FIG. 2 is a Ph diagram showing a refrigeration cycle using the refrigerant circuit of FIG. FIG. 3 is a diagram illustrating the heat exchange capacity of the evaporator in the refrigerant circuit of FIG. FIG. 4A is a diagram showing a configuration of a double-pipe heat exchanger of the refrigerant circuit of FIG. 1, FIG. 4B is a diagram for explaining a refrigerant temperature in a counter-flow heat exchanger, and FIG. It is a figure explaining a refrigerant temperature in a parallel flow type heat exchanger.

FIG. 5 is a diagram showing a configuration of a refrigerant circuit using a double-pipe heat exchanger as a gas-liquid heat exchanger for comparison with the refrigerant circuit of FIG.

FIG. 6 is a Ph diagram showing a refrigeration cycle using the refrigerant circuit of FIG. 7A and 7B are diagrams showing a comparison between a refrigeration cycle using the refrigerant circuit of FIG. 1 and a refrigeration cycle using the refrigerant circuit of FIG.

FIG. 8 is a diagram illustrating a configuration of a refrigerant circuit of an air conditioner according to a second embodiment of the present invention.

FIG. 9 is a diagram showing a configuration of a refrigerant circuit of an air conditioner according to a third embodiment of the present invention.

FIG. 10 is a diagram showing a configuration of a refrigerant circuit of a conventional air conditioner.

FIG. 11A is a Ph diagram showing a normal refrigeration cycle without supercooling, and FIG. 11B is a Ph diagram showing a refrigeration cycle using the refrigerant circuit of FIG. 11C is a partially enlarged view of the refrigeration cycle of FIG. 11B. BEST MODE FOR CARRYING OUT THE INVENTION

Next, an embodiment of the air conditioner of the present invention will be described in detail with reference to the drawings.

(First embodiment)

As shown in FIG. 1A, the air conditioner of one embodiment of the present invention includes a refrigerant circuit 1 including a main circuit 6 and a bypass circuit 13 (shown by a broken line). As the refrigerant circulating through the refrigerant circuit 1, a non-azeotropic mixed refrigerant composed of R-32Z134a or R-407C is used.

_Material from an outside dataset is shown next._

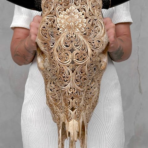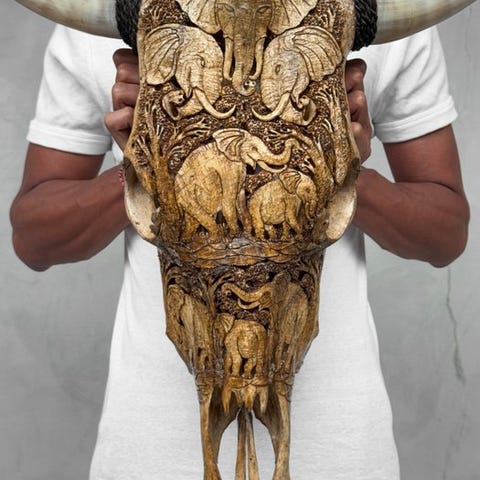 Käsin kaiverrettu suuri härkäkallo, jonka ovat kaivertaneet taiteilijat, jotka ovat siirtäneet kaiverruksen muinaisen taidon isältä pojalle. Kallo on täysin käsin veistetty suurella huolella. Se on epätavallinen, koristeellinen kappale.

The main circuit 6 is a compressor 2, a condenser 3, and a double tube type as a subcooling heat exchanger. It has a heat exchanger 10, a main expansion mechanism 4 as a first expansion mechanism, an evaporator 5, a four-way switching valve 9, and an accumulator 8 in this order. The bypass circuit 13 branches off from the main circuit 6 at a branch point 21 between the condenser 3 and the double-pipe heat exchanger 10 to form a bypass expansion mechanism 12 as a second expansion mechanism. It passes through the double-pipe heat exchanger 10 and merges with the main circuit 6 at a junction 22 near the inlet of the accumulator 8. The double-pipe heat exchanger 10 exchanges heat between the mainstream refrigerant flowing through the main circuit 6 and the bypass refrigerant flowing through the bypass circuit 13 after passing through the bypass expansion mechanism 12. In other words, the mainstream refrigerant is supercooled with a simple circuit configuration by using the refrigerant flowing through the bypass expansion mechanism 12. More specifically, as shown schematically in FIG. 4A, the double-pipe heat exchanger 10 includes an inner pipe 10a and an outer pipe 1 provided concentrically outside the inner pipe 10a. 0b. The flow direction of the refrigerant is such that the bypass flow refrigerant flowing in the inner pipe 10a and the main flow refrigerant flowing in the annular gap 10c between the inner pipe 10a and the outer pipe 10b have heat transfer properties. The tubes are set so that they flow in opposite directions across the wall of the inner tube 10a (counter-flow heat exchanger). When the heat exchanger 10 is of the counterflow type in this way, as shown in FIG. 4B, the heat transfer between the mainstream refrigerant and the bypass refrigerant on both sides of the pipe wall of the inner pipe 10a is performed. The average temperature difference in the flow direction becomes relatively large. For example, it becomes larger than the average temperature difference in the case of the parallel flow heat exchanger shown in Fig. 4C. As a result, the capacity of the heat exchanger 10 can be improved.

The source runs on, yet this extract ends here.